Very cute puppy - and you don't look terrible, you are cute too!


----------



## JakodaCD OA (May 14, 2000)

I'm so happy for you !! AND NICE LOOKING PARENTS!!!! I am a sucker for those black/sable dogs..very very nice.

Hey can you grab me a black male when you pick yours up? ))))

Congrats! Sooooo what are you going to name her???


----------



## onyx'girl (May 18, 2007)

Spill the beans, which kennel? Congrats to you, can't wait to see more pics of your baby!!


----------



## ChancetheGSD (Dec 19, 2007)

@Diane: I'm thinking about Gretchen.  It's not set in stone but I think that's what I'm going to go with. I'll have a better idea when I get to know her personality better when I get her but she just seems like a Gretchen to me. 

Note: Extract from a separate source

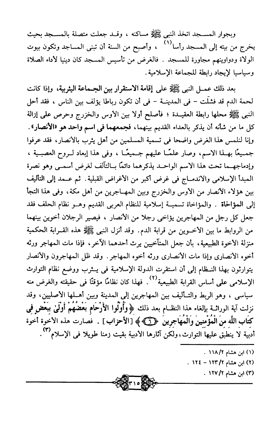 بعد ذلك عمل النبي -صلى الله عليه وسلم- على إقامة الاستقرار بين الجماعة اليثربية، وإذا كانت لُحْمَة الدم قد فشلت -في المدينة- في أن تكون رباطًا يؤلف بين الناس، فقد أحل النبي -صلى الله عليه وسلم- محلها رابطة العقيدة؛ فأصبح أولًا بين الأوس والخزرج وحرص على إزالة كل ما من شأنه أن يذَكِّر بالعداء القديم بينهما، فجمعهما في اسم واحد هو: الأنصار. وإنا لنلمس هذا الغرض واضحًا في تسمية المسلمين من أهل يثرب بالأنصار فقد عرفوا جميعًا بهذا الاسم، وصار علمًا عليهم جميعًا، وفي هذا إبعاد لروح العصبية وإدماجها تحت هذا الاسم الواحد، يذكرهما دائمًا بالتآلُف لغرض أسمى وهو نصرة المبدأ الإسلامي، والاندماج في غرض أكبر من الأغراض القبلية. ثم عمد إلى التأليف بين هؤلاء الأنصار من الأوس والخزرج وبين المهاجرين من أهل مكة، وفي هذا التجأ إلى المؤاخاة. والمؤاخاة تسمية إسلامية للنظام العربي القديم، وهو نظام الحِلْفِ فقد جعل كل رجل من المهاجرين يؤاخي رجلًا من الأنصار، فيصير الرجلان أخوين بينهما من الروابط ما بين الأخوين من قرابة الدم. وقد أنزل النبي -صلى الله عليه وسلم- هذه القرابة الحكمية منزلة الأخوة الطبيعية. بأن جعل المتآخيين يرث أحدهما الآخر، فإذا مات المهاجر ورثه أخوه الأنصاري، وإذا مات الأنصاري ورثه أخوه المهاجر. وقد ظل المهاجرون والأنصار يتوارثون بهذا النظام إلى أن استقرت الدولة الإسلامية في يثرب ووضع نظام التوارث الإسلامي على أساس القرابة الطبيعية2. فهذا كان نظامًا مؤقتًا في حقيقته والغرض منه سياسي، وهو الربط والتأليف بين المهاجرين إلى المدينة وبين أهلها الأصليين، وقد نزلت آية الوراثة بإلغاء هذا النظام بعد ذلك: {وَأُولُوا الأَرْحَامِ بَعْضُهُمْ أَوْلَى بِبَعْضٍ فِي كِتَابِ اللَّهِ مِنَ الْمُؤْمِنِينَ وَالْمُهَاجِرِينَ} [الأحزاب] . فصارت هذه الأخوة أخوة أدبية لا ينطبق عليها التوارث، ولكن آثارها الأدبية بقيت زمنًا طويلًا في الإسلام3.

@Jane: Von Lehrend Haus - Owners even offer some free training lessons! I'm hoping to see about doing some Schutzhund work which they also train for. I've never bought from a breeder before but I happened to see this place on my way from SC to NC yesterday and stopped by as I went back from NC to SC today. (Reason I look so awful! Ha! I'm exhausted from driving!) I pulled up to get info off the board up front and the owner came up. After a very long chat about the breed, Chance, training/sport, ect and a tour of the kennel and dogs, I asked about a puppy. He happened to have this one sable girl left from his litter (Person who was originally suppose to get her backed out) and offered her up for sale to me. I've been in the market for a new GSD for a service dog and I think she'll fit the bill. I'm so excited! His dogs are all beautiful and obviously obedient, lots of work put into them. I can't wait to get her and mold this girl into a model for the breed.


----------



## carmspack (Feb 2, 2011)

congratulations !! I like !


----------



## lorihd (Nov 30, 2011)

beautiful baby girl, congratulations! mom and dad are beautiful, keep the pictures comming, cant wait to see her coat change


----------



## sddeadeye (Apr 5, 2011)

Congrats on the new pup!


----------



## OriginalWacky (Dec 21, 2011)

Oh that is SO awesome! She is an adorable girl, and how neat that things just fell into place for you and her like that.


----------



## Falkosmom (Jul 27, 2011)

I think you are going to have a great time with your puppy. The parents are gorgeous. Can't wait to see the pics as she grows.


----------



## ChancetheGSD (Dec 19, 2007)

Thanks guys!  I'm so excited, I can't hardly stand it. Lol! Already buying things for her arrival. :wub:


----------



## MaggieRoseLee (Aug 17, 2001)

Female? Sable? 

What's not to love!??

Can't wait for all the updates and photos to come!


----------



## doggiedad (Dec 2, 2007)

Congrats!!!


----------



## ChancetheGSD (Dec 19, 2007)

MaggieRoseLee said:


> *Female?* Sable?
> 
> What's not to love!??
> 
> Can't wait for all the updates and photos to come!


Lol! I wanted a male! But even the dog I looked at prior to finding her was a female too so I guess it's just meant to be for me to have a "daughter". I had hoped for a dark sable in the future and that is what I'm getting so things went well there!


----------



## msvette2u (Mar 20, 2006)

Aw, very cute puppy, congratulations


----------



## GsdLoverr729 (Jun 20, 2010)

She is so frickin beef! :wub: You lucky woman!


----------



## BlackGSD (Jan 4, 2005)

Very cute. Congrats.

How old are they? They look REALLY young.


----------



## jprice103 (Feb 16, 2011)

BlackGSD said:


> Very cute. Congrats.
> 
> How old are they? They look REALLY young.


I was thinking the same thing when you said you were getting her in 2 weeks! They look only 3-4 weeks old in the picture.


----------



## GSD07 (Feb 23, 2007)

Very cute pup, congratulations! What is the pedigree?


----------



## juliejujubean (May 4, 2011)

VERY CUTE PUPPY!!!
I have had male dogs my entire life and Dia is my first female... I love it! she has such a sweet personality.. I love my girl!


----------



## ChancetheGSD (Dec 19, 2007)

She'll be 6 weeks old when I pick her up. Normally they don't let puppies go until later (Siblings wont be let go this early- He's making an exception for me) but this is the only time I can get her and AM experienced in raising/training young puppies.


----------



## ChancetheGSD (Dec 19, 2007)

I bought her 2 collars already.  A baby collar to come home with and a "big girl" collar. They SHOULD fit her between uses since both are adjustable to roughly the end/starting size, just different widths of collar....That is, as long as she's nothing like Eevee who enjoys chewing her collars up. o.x










Despite living in NC, she's going to rock some SC pride with her big collar. Lol!


----------